COLLEGE FOOTBALL WATCH GRID, Week 6: Believe in weird stuff

It’s college football season. We can pretend we only wanna watch good games, or we can face facts.

As always, the Watch Grid sorts your Saturday into three watchability columns. And as always, watchability is not strictly about game quality, team quality or quality of any kind. These things matter, though, I guess.

This is a really great Saturday, with three games that could’ve each served as a worthy headliner, plus plenty of other interesting stuff. This is despite Alabama-Texas A&M, the offseason’s most anticipated conference game, shaping up to be an expensive dud.

And if nothing else, Notre Dame might lose its second game in a row. See? There’s something here for everyone to enjoy.

Thursday, Oct. 7 and Friday, Oct. 8 college football schedule

This is without question a weeknight college football schedule.

Saturday, Oct. 9 college football schedule

Stream live college football games every week this season from conferences across the country on ESPN+.

SICKOS GAME OF THE WEEK

Yes, UConn-UMass is in the middle column, even though it’s unlikely you have access to its broadcast. Here we have a battle between the two worst winless teams in FBS, something that typically only happens a couple times per decade. Savor the history.

But I’m going with Alabama-Texas A&M, a game everyone swore would be really big this year. The Aggies ranked No. 6 in the preseason AP Top 25 a year after murmuring that they deserved a playoff spot.

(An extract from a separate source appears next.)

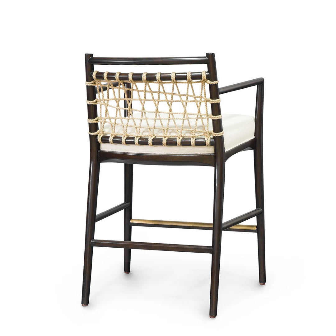 With its open-weave jute roped back, the Navan Counter Stool brings an organic feel to a modern silhouette. Made of plantation hardwood frame in dark espresso, it is accented with a brass finished footrest. The Navan Counter Stool delivers a balance of comfort, luxury and texture to your interior space.Â
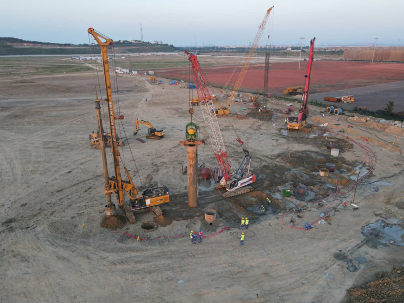 中海油龍口南山LNG接收站一期工程項目(以下簡稱“龍口LNG”)站址位于山東省龍口市煙臺港龍口港區(qū)作業(yè)區(qū)規(guī)劃LNG專區(qū),本工程于2020年4月15日開工,2021年4月1日竣工,歷時351天。完成的主要工作量為T-0201、T-0202儲罐樁基工程相關的全部工作,包含:泥漿護壁成孔一體化灌注樁(樁數(shù)720根,直徑1.5m,樁長為9.86m~41.8m不等,混凝土等級C40P8)40765.71m³、鋼筋籠3564.846t、入巖增加費10892.03m³、聲測管(SCG50-1)8601.59m、碎石樁(樁徑1m,樁長8m,樁數(shù)3497根)21972.3m³、旋挖棄土外運39358.86m³、預留隔震墊安裝孔洞(單樁孔洞數(shù)量10個,孔洞長度0.9m,孔徑80mm)720套,超前鉆5247.5m。

In May, A&M coach Jimbo Fisher did a viral by replying to a fan’s question about finally beating Alabama by saying, “We’re going to beat his ass.”

Folks, if there’s one thing Jimbo knows, it’s cash!

Nick Saban looked delighted to be handed a little bit of Bulletin Board Material, the kind of thing Bama usually has to manufacture in-house because nobody is crazy enough to actually talk trash about the Tide.

Saban, already 24-0 against his former assistants, looks to run it up further against his former offensive coordinator Fisher. And this game is in the most dangerous possible schedule slot for the A&M coach, who’s already lost two games he wasn’t supposed to lose. The plan was not to go from No. 6 and “beat his ass” to .500 by mid-October, with Auburn, Ole Miss, and LSU still ahead.

Or A&M could win! Now how sicko would that be?

The actual most important game of the week

A host of options! I’m less interested in what the AP poll and College GameDay say right now, and more interested in the long-term forecast.

If Iowa beats Penn State, the Hawkeyes’ path to the playoff is … uh … relatively easy. A victorious PSU would still have a tough road, but would at least be in great shape for a really nice bowl. I wouldn’t advise watching this game until the final five minutes, because it’s likely to be 7,000 punts until all the rules of football suddenly collapse.

The Red River Rootin’-Tootin’ Royal Rumble Revival promises similar prizes for the winner, though Texas has already spent its one freebie loss for the year.

And let’s not overlook Michigan-Nebraska, where Jim Harbaugh appears to have finally put some things together, but would be hooted at and/or hollered at if he were to lose to Scott Frost, despite the weird fact that Nebraska is kinda decent this year.

But keep some eyes on Georgia-Auburn, for two reasons. First, if haywire dangerman Bo Nix can’t score on UGA’s defense, then can anybody? These Dawgs call to mind some of Saban’s old defenses, the ones that were fortresses against all offenses that made sense, but could spring leaks against opponents that just went out there and did weird stuff, and nobody does weird stuff quite like Nix’s Auburn. If not even a Weird Stuff team can move the ball against UGA, we might have something all-time special here. The second reason: the game’s at Auburn, college football’s most notorious factory of weird stuff.

Basically, UGA-Auburn matters because there are not many chances left for teams to figure how to attack the Dawgs. The winner of Penn State-Iowa will have a great chance at a Big Ten title, but the reward might just be … having to face Georgia. Or Alabama.